### BRIEF
Once you reach the line that holds "Dieses Gutachten (abe)" in the listing below, output it and every line after it through the line that holds "Bailee Bear Protestor", word for word.

### PROVIDED RECORDS
+ + +

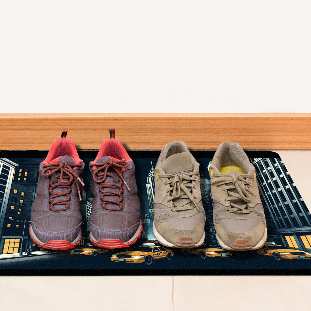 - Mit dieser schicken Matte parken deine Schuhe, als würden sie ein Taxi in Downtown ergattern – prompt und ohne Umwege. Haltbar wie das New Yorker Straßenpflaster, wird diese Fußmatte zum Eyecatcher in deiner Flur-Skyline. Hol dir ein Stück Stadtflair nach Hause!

+ + +

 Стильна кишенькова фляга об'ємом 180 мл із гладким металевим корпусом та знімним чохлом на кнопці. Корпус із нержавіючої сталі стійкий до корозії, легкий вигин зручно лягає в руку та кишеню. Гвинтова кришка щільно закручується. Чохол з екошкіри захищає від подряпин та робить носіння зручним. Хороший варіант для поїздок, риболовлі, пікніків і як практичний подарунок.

+ + +

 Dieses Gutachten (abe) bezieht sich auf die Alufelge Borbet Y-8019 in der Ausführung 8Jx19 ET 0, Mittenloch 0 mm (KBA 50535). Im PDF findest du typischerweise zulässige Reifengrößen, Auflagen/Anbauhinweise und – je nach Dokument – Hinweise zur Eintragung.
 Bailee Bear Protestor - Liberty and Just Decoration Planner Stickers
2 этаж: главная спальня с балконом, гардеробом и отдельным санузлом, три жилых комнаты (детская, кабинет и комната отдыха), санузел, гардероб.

+ + +

### FINISHED EXERCISE
 Dieses Gutachten (abe) bezieht sich auf die Alufelge Borbet Y-8019 in der Ausführung 8Jx19 ET 0, Mittenloch 0 mm (KBA 50535). Im PDF findest du typischerweise zulässige Reifengrößen, Auflagen/Anbauhinweise und – je nach Dokument – Hinweise zur Eintragung.
 Bailee Bear Protestor - Liberty and Just Decoration Planner Stickers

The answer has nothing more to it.